Want to know "Who was in all the budget meetings?" or "What tasks did Alex get assigned this month?" Good luck searching through thousands of Markdown files.

The real killer? Meeting notes are living documents. People fix names, reassign tasks, update decisions. Without incremental processing, you're stuck choosing between:

💸 Massive LLM bills from reprocessing everything
📉 A stale, outdated knowledge graph

I solved this by building a self-updating Neo4j knowledge graph that only processes changed documents—cutting LLM costs by 99%.

What We're Building

A pipeline that turns messy meeting notes into a queryable graph database:

Google Drive → Detect Changes → Split Meetings → LLM Extract → Neo4j

The result? Three node types (Meeting, Person, Task) and three relationships (ATTENDED, DECIDED, ASSIGNED_TO) that let you query:

"Which meetings did Sarah attend?"
"Where was this task decided?"
"Who owns all Q4 tasks?"

The Secret Sauce: Incremental Processing

Here's what makes this actually work at scale:

1. Only Process What Changed

The Google Drive source tracks last-modified timestamps. When you have 100,000 meeting notes and only 1% change daily, you process 1,000 files—not 100,000.

@cocoindex.flow_def(name="MeetingNotesGraph")
def meeting_notes_graph_flow(
    flow_builder: cocoindex.FlowBuilder,
    data_scope: cocoindex.DataScope
) -> None:
    credential_path = os.environ["GOOGLE_SERVICE_ACCOUNT_CREDENTIAL"]
    root_folder_ids = os.environ["GOOGLE_DRIVE_ROOT_FOLDER_IDS"].split(",")

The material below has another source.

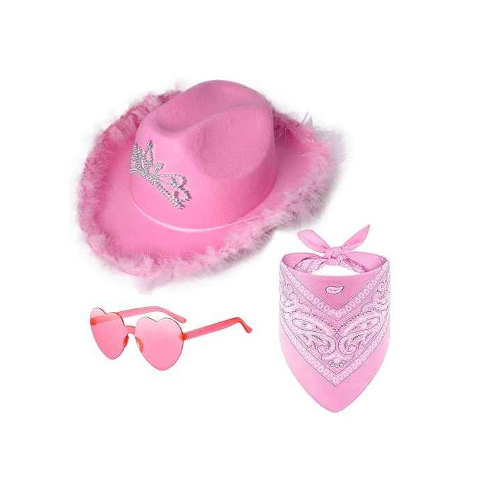 【DISEÑO FANCY Y ORIGINAL】El conjunto incluye 1 sombrero de cowgirl vaquero con corona de princesa y plumas en el borde del gorro+1 bandana estampado algodon+1 gafa de corazones.
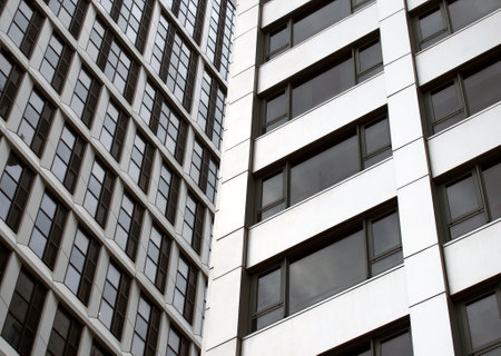 Facade detail of a modern high-rise apartment building. Abstract Architectural Detail of a High Rise Condo Building. Street photo, nobody, selective focus

    data_scope["documents"] = flow_builder.add_source(
        cocoindex.sources.GoogleDrive(
            service_account_credential_path=credential_path,
            root_folder_ids=root_folder_ids,
            recent_changes_poll_interval=datetime.timedelta(seconds=10),
        ),
        refresh_interval=datetime.timedelta(minutes=1),
    )

Impact: 99% reduction in LLM API costs for typical 1% daily churn.

2. Smart Document Splitting

Meeting files often contain multiple sessions. Split them intelligently:

with data_scope["documents"].row() as document:
    document["meetings"] = document["content"].transform(
        cocoindex.functions.SplitBySeparators(
            separators_regex=[r"\n\n##?\ "],
            keep_separator="RIGHT",
        )
    )

Keeping the header (## Meeting Title) with each section preserves context for the LLM.

3. Structured LLM Extraction

Instead of asking for "some JSON," give the LLM a concrete schema:

@dataclass
class Person:
    name: str

@dataclass
class Task:
    description: str
    assigned_to: list[Person]

@dataclass
class Meeting:
    time: datetime.date
    note: str
    organizer: Person
    participants: list[Person]
    tasks: list[Task]

Then extract with caching:

with document["meetings"].row() as meeting:
    parsed = meeting["parsed"] = meeting["text"].transform(
        cocoindex.functions.ExtractByLlm(
            llm_spec=cocoindex.LlmSpec(
                api_type=cocoindex.LlmApiType.OPENAI,
                model="gpt-4",
            ),
            output_type=Meeting,
        )
    )

The magic: CocoIndex caches extraction results. Same input + same model = reuse cached output. No redundant LLM calls.

Building the Graph

Collect Nodes and Relationships

Use collectors to accumulate graph data:

meeting_nodes = data_scope.add_collector()
attended_rels = data_scope.add_collector()
decided_tasks_rels = data_scope.add_collector()
assigned_rels = data_scope.add_collector()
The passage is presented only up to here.